Na semana passada, Bacci se reuniu com integrantes do Tribunal de Contas da União (TCU) e da Controladoria-Geral da União (CGU) para discutir a possibilidade de estaleiros nacionais envolvidos na Lava Jato voltarem a participar de licitações da Transpetro.

"O processo que o país passou nesses últimos anos ajudou a construir uma governança para evitar problemas no futuro", disse ele sobre irregularidades em contratações feitas no passado, segundo o site epbr.

Equipamento complexo feito no Brasil sai "três ou quatro vezes mais caro", disse presidente da Petrobras

Prates já havia afirmado, no início de março, que, durante sua gestão, a empresa voltará a investir na construção de navios de apoio no Brasil e que contará com ajuda do governo para isso. “Se você fizer um levantamento, hoje, talvez, um equipamento bem complexo integralmente feito no Brasil saia três ou quatro vezes mais caro. Então, quando há uma discrepância a esse nível, é preciso política pública e outro tipo de abordagem a esse problema”, afirmou, em entrevista coletiva.

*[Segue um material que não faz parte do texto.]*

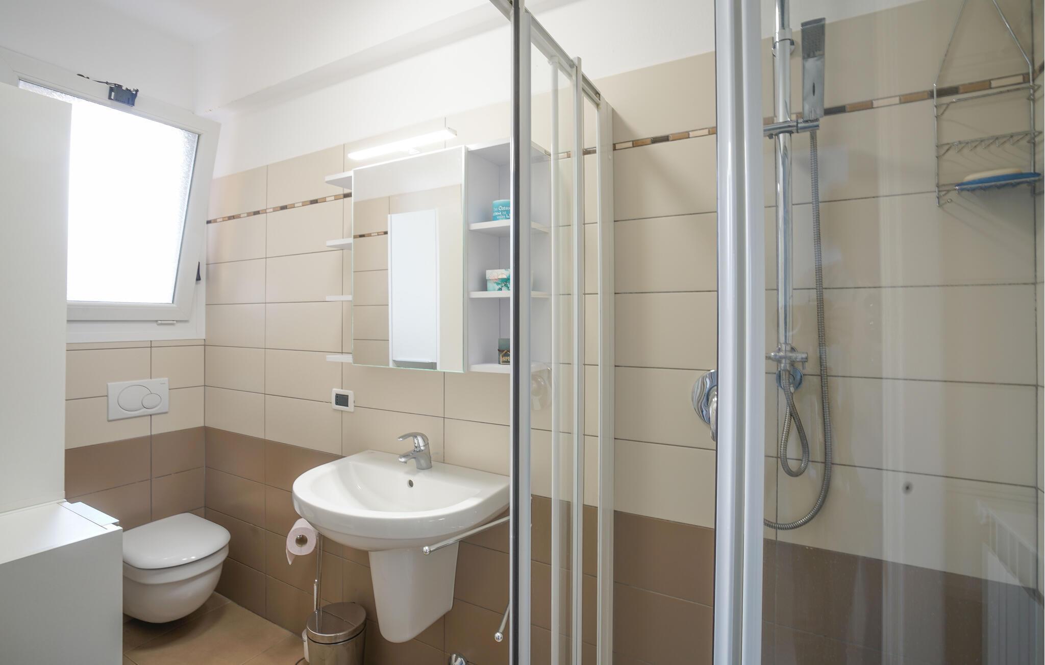 Badezimmer (nr. 1) - WC. Warmes und kaltes Wasser. Dusche
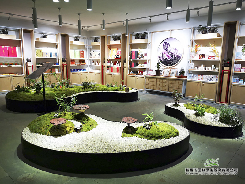 深化設(shè)計(jì)充分利用原始現(xiàn)場3米高差形成錯層主體建筑,從入口進(jìn)入庭院觀建筑是一層,背面觀是兩層,負(fù)一層形成半地下室空間,形成了前庭后院的浙江美麗農(nóng)家院落。一層展廳由茶藝展示區(qū)、會客區(qū)、書房等組成,品茶、書法、閑談、小憩,展示愜意富美的浙江生活;負(fù)一層展廳則以產(chǎn)品陳列為主,主要展示浙江省前沿的室內(nèi)園藝品種,宣傳浙江最新的栽培技術(shù)與深加工產(chǎn)品等,讓園藝、生活有機(jī)融合。
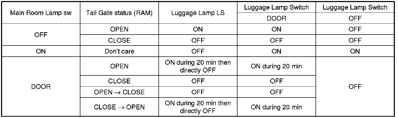 L. For the room lamps, when the 20m timer is running and any of the side doors is opened the timer is restarted.
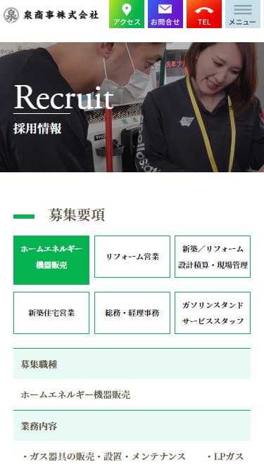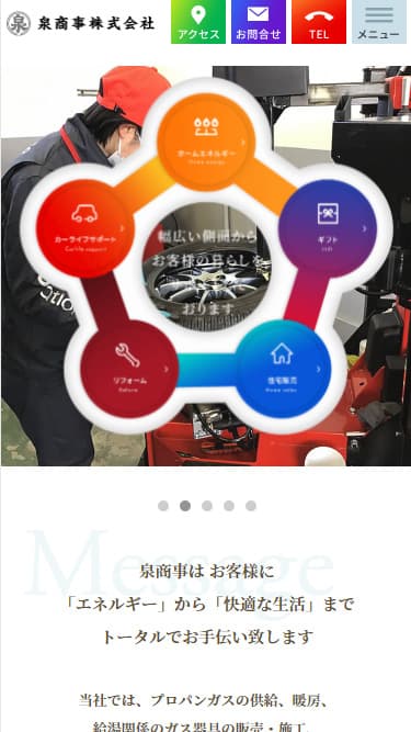 泉商事株式会社 様 清潔感・誠実さ・安全性を表現するため、明るいイメージが伝わるように作成。 各種サービスをそれぞれ色分けし、スムーズに詳細ページへ遷移できるようバナーを配置。 豊富な事業数を前面にPRしたホームページとなっています。 URLhttp://izumi-syoji.co.jp/ 地域・業界・業種 遠野市 / エネルギー・カーライフ デバイス・仕様PC、スマートフォン、WordPress 担当業務等Webサイト設計/情報設計/デザイン/CMS構築/更新操作指導
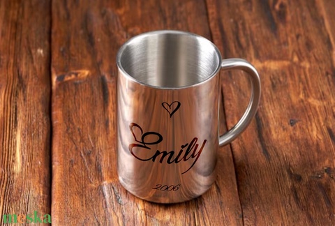 Gravírozott duplafalú fém bögre - Név
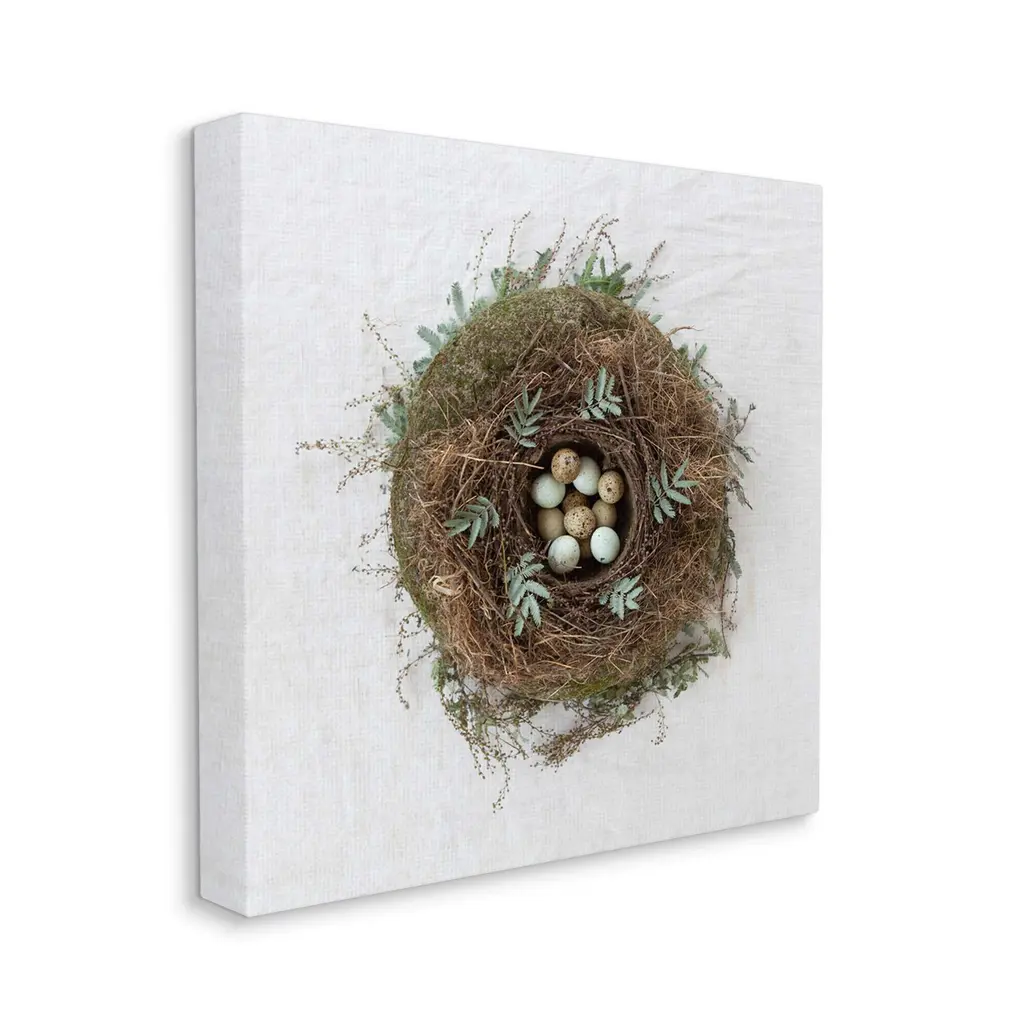 Proudly made in the USA, Our stretched canvas is created with the highest standards. We use only the highest quality inks and canvas on our in house Mimaki printers, and then hand cut and stretch each piece over a 1.5 inch thick wooden frame for hanging. The art comes ready to hang with no installation required.Features: Wall Art is Ready to Hang - No Installation or Hardware Needed. For Easy Set Up Lean or Layer Artwork on Shelf or Against Wall.Our stretched canvas is created with the highest standards. We use only the highest quality inks and canvas on our in house Mimaki printers, and then hand cut and stretch each piece over a 1.5 inch thick wooden frame for hanging. Made In USA.Artwork Relates To: Nest; Bird Nest; EggsDesign by Tania Soderman
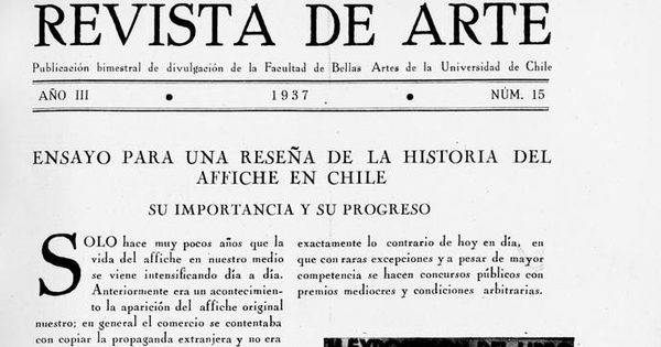 Revista de arte / Universidad de Chile, Facultad de Bellas Artes. Santiago : La Facultad, 1934-1962. 12 volúmenes, año 3, número 15, (1937)
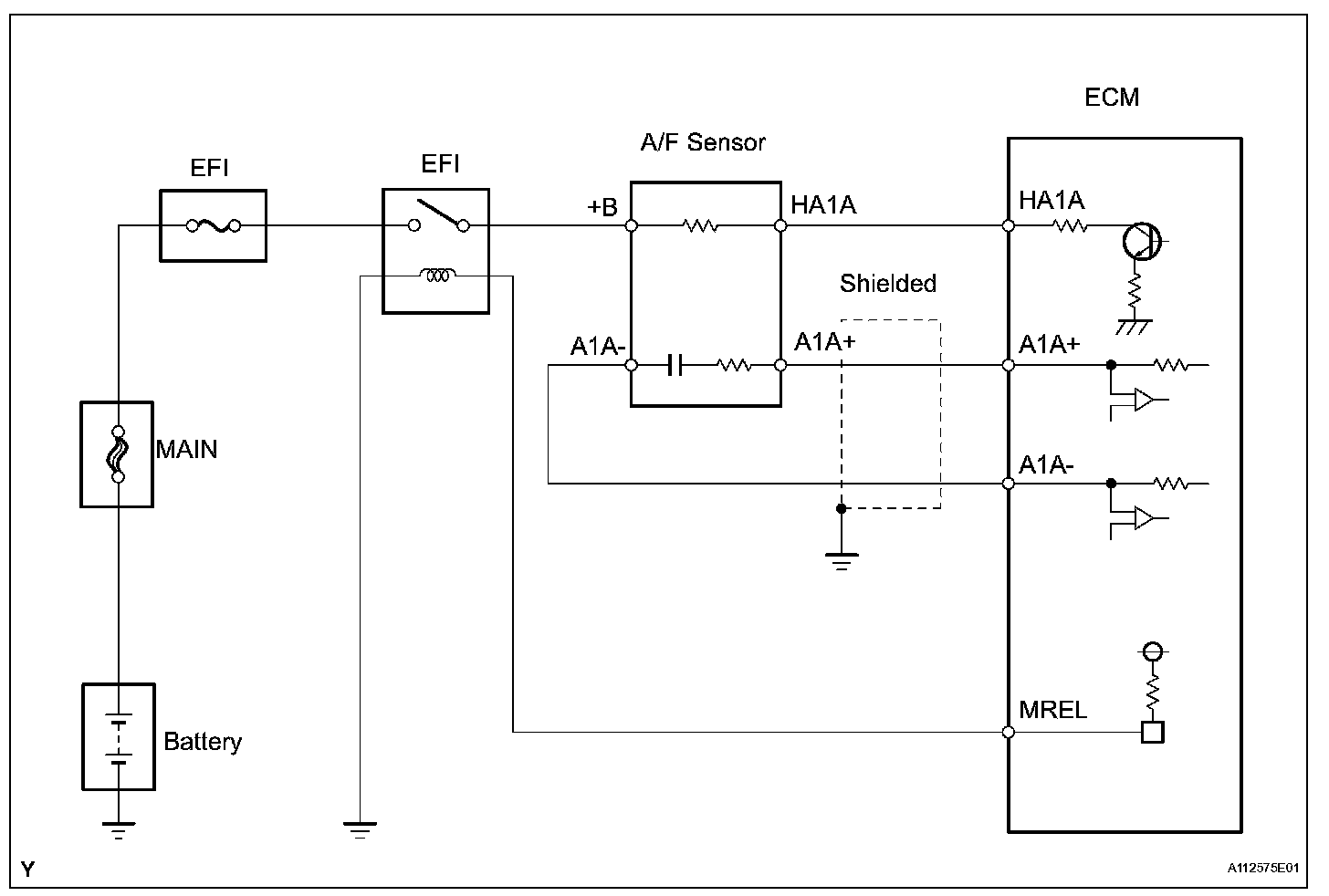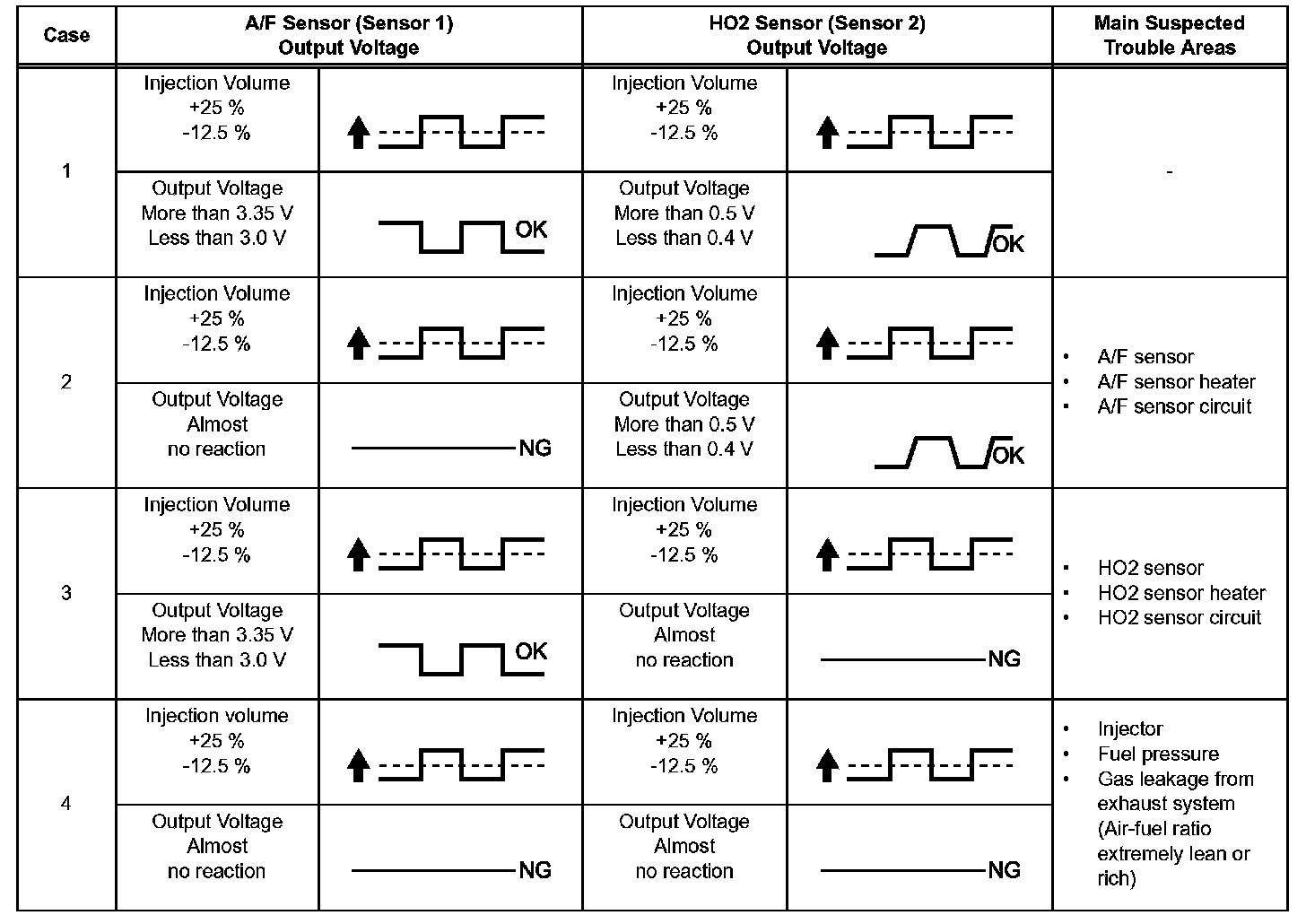 In order to obtain a high purification rate of the carbon monoxide (CO), hydrocarbon (HC) and nitrogen oxide (NOx) components in the exhaust gas, a TWC is used. For the most efficient use of the TWC, the air-fuel ratio must be precisely controlled so that it is always close to the stoichiometric level.Value changes inside the ECM. Since the A/F sensor is the current output element, a current is converted into a voltage inside the ECM. Any measurements taken at the A/F sensor or ECM connectors will show a constant voltage.
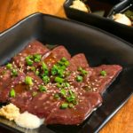 旨い牛タン(250B)は、薄すぎず厚すぎずという絶妙な厚みが旨さの秘訣。ささっと軽く炙ってレモンを効かせて召し上がれ。
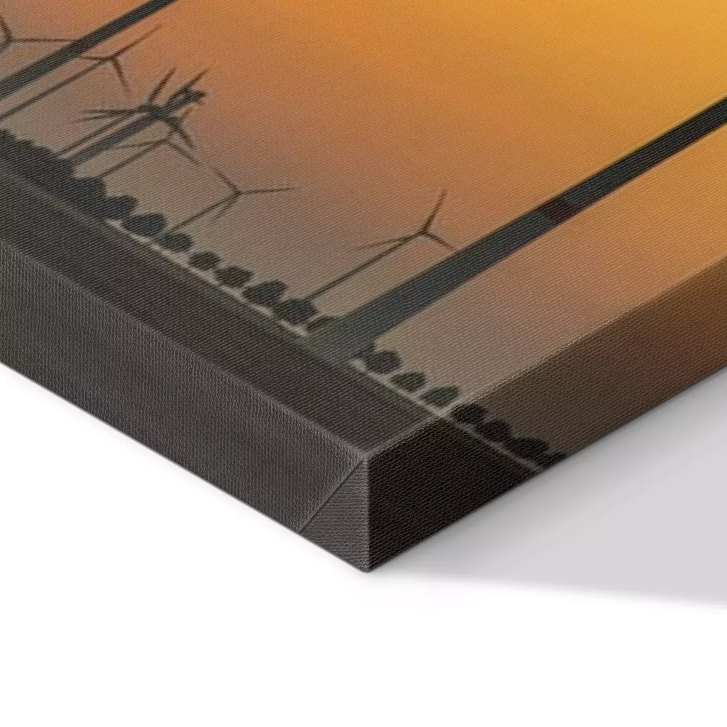 De print wordt aangebracht op hoogwaardig canvas dat op een schildersweefgetouw (spieraam) wordt gespannen. Omdat de print de zijranden bedekt, hoeft het ontwerp niet met een extra kader te worden omlijst. Wij raden ook composities aan die uit meerdere foto's bestaan en zo een coherente compositie vormen.
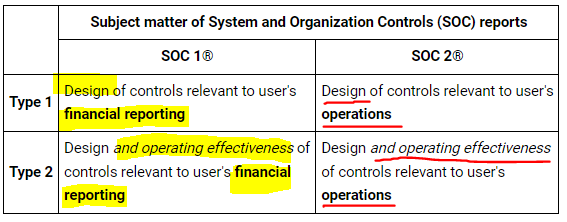TYPE 1 and TYPE 2 of SOC 1 and SOC 2
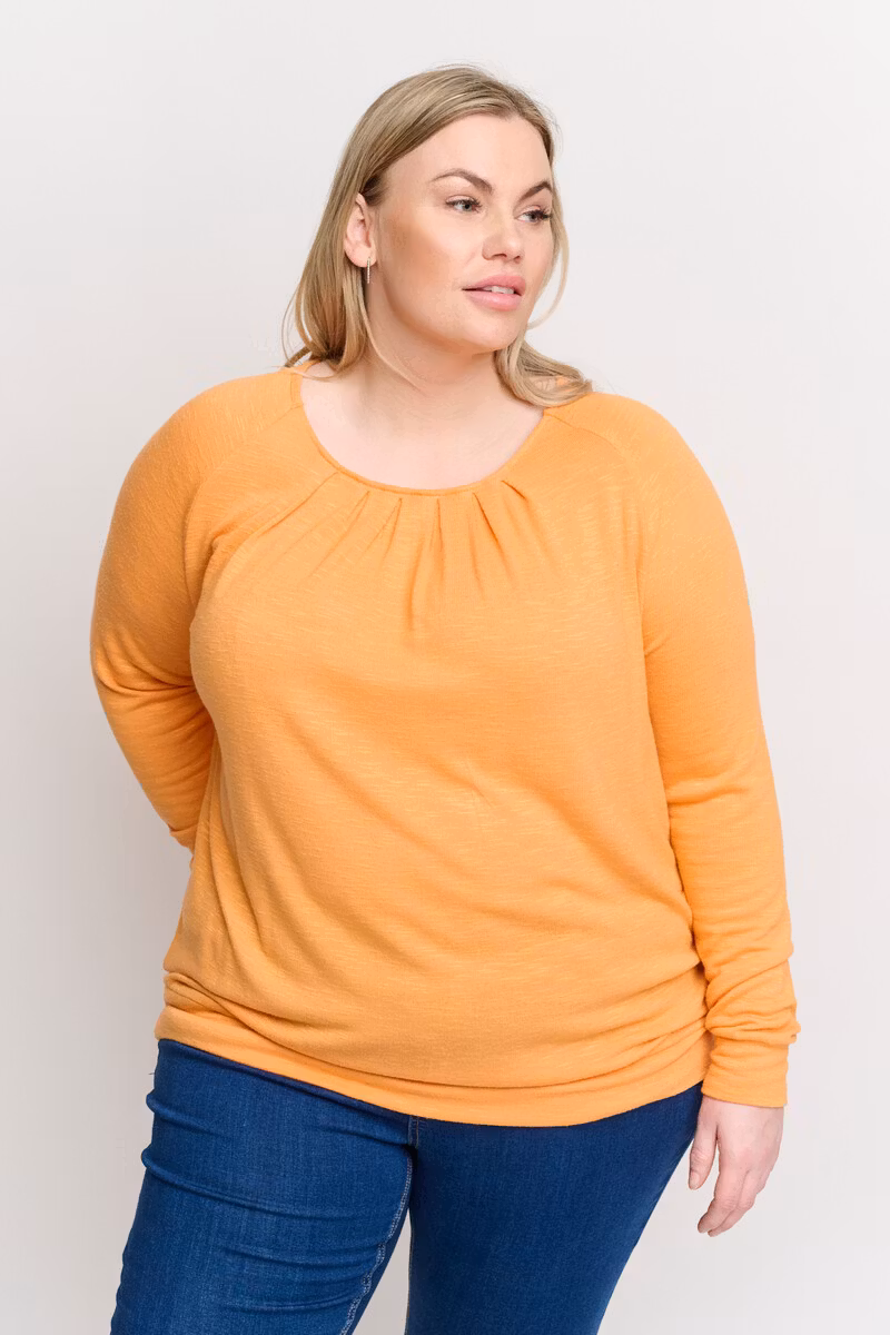 Fin topp med snyggt veckad halsringning i skön tunn jerseykvalité. Långa ärmar med mudd samt mudd nedtill på toppen. (Strl L i Ciso motsvarar ca strl XL i Signature)
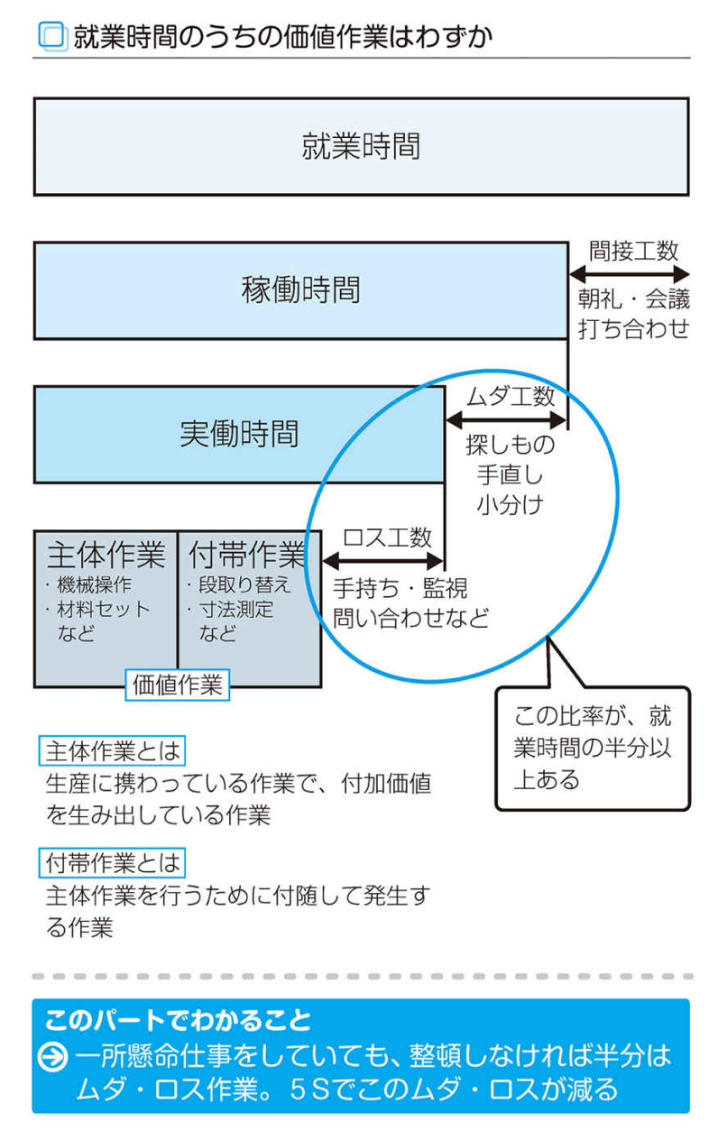 「使ったら元に戻す」「作業する前に必ずチェックする」「決めたところに置く」といったことはわずかな時間でできるのですが、そのわずかな時間でできることを「面倒くさい」と手抜きをした結果、ムダやロスが発生します。

No último dia 24, em entrevista à CNN Brasil, o ministro de Minas e Energia, Alexandre Silveira, disse que a intenção não é voltar aos mesmos índices de nacionalização do passado, mas encontrar um “ponto de equilíbrio” entre as exigências dos governos petistas e as regras atuais.Segundo ele, o propósito é incentivar fabricantes brasileiros de equipamentos e fomentar a indústria naval, “Queremos garantir estímulo à indústria nacional, mas sem estrangular a competitividade das petroleiras instaladas no país e sem gerar risco de atraso nas entregas”, afirmou.Ao mesmo veículo, o diretor fundador do Centro Brasileiro de Intraestrutura (CBIE), Adriano Pires, avaliou que políticas equivocadas de exploração de petróleo e gás podem afastar investidores.“Se você faz uma política de conteúdo local equivocada, você não vai ter investidor para participar de leilões, o que é muito ruim. Vamos lembrar que o petróleo, cada vez mais tende, a médio e longo prazo, a valer menos. Então temos que tirar esse petróleo de baixo da terra”, disse.